Benchmarks

This section presents Charm4py benchmark results using: (a) real examples and miniapps; (b) synthetic test cases to evaluate specific features.

Mini-apps

LeanMD - Molecular Dynamics

We have ported the LeanMD Charm++ mini-app to Charm4py, with all the code written in Python. The physics functions are JIT compiled by Numba. The code is currently available in the leanmd-experimental branch of Charm4py.

Here we compare the performance between the C++ and Python versions. First we ran a strong scaling problem on Blue Waters with 8 million particles, obtaining the following results:

Leanmd strong scaling on Blue Waters

As we can see, the performance and scaling characteristics of Charm4py closely mimic the behavior of the C++ program. The y axis is logarithmic scale, and we can see that performance scales linearly with the number of cores. The average performance difference between Charm4py and Charm++ is 19%.

We also ran a different problem size (51 million particles) and configuration to evaluate performance with very high core counts (131k cores on Blue Waters), obtaining the following results:

Version Time per step (ms)
charm4py 438
Charm++ 458

Here we can see that Charm4py performs better than C++. At this core count, parallel overhead becomes significant and Charm4py benefits from a feature that is not yet implemented in the C++ version of Charm. The feature allows aggregation of receives to local objects in the same section, thus reducing overhead.

Features

Bypass pickling for NumPy and other arrays

This feature is also known as “direct-copy”. As explained in Serialization, it is used when NumPy arrays and other structures supporting the buffer protocol are passed as arguments of remote methods.
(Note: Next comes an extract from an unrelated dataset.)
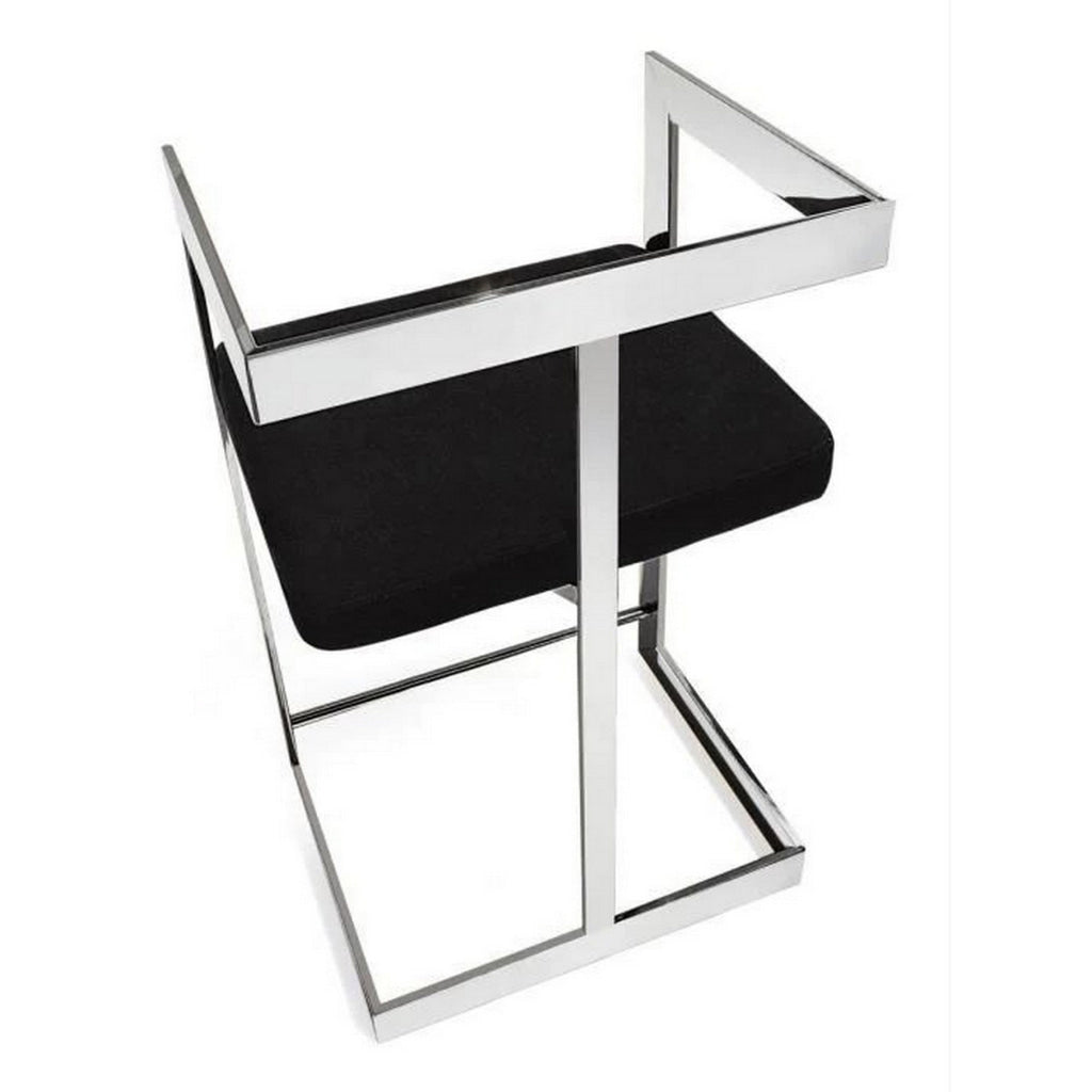 Gei 26 Inch Counter Height Chair, Cantilever, Black Velvet, Chrome Metal By Casagear Home

To test and evaluate the performance of this feature we wrote a small program (tests/test_dcopy.py) where a chare array is created, and each element sends three large data arrays to the rest of the elements, for a fixed number of iterations. The experiment was carried out using 4 cores on a standard Macbook Pro. The results are shown below (for 10 iterations):

Metric Without dcopy With dcopy speedup
Send time (s) 2.406 1.046 2.3002
Receive time (s) 0.372 0.343 1.0845
Total program time (s) 12.72804 11.21846 1.1346
Bytes sent (MB) 1339.892 1339.323 1.0004

Note: this feature is enabled by default with Python 3 and Cython/CFFI layers.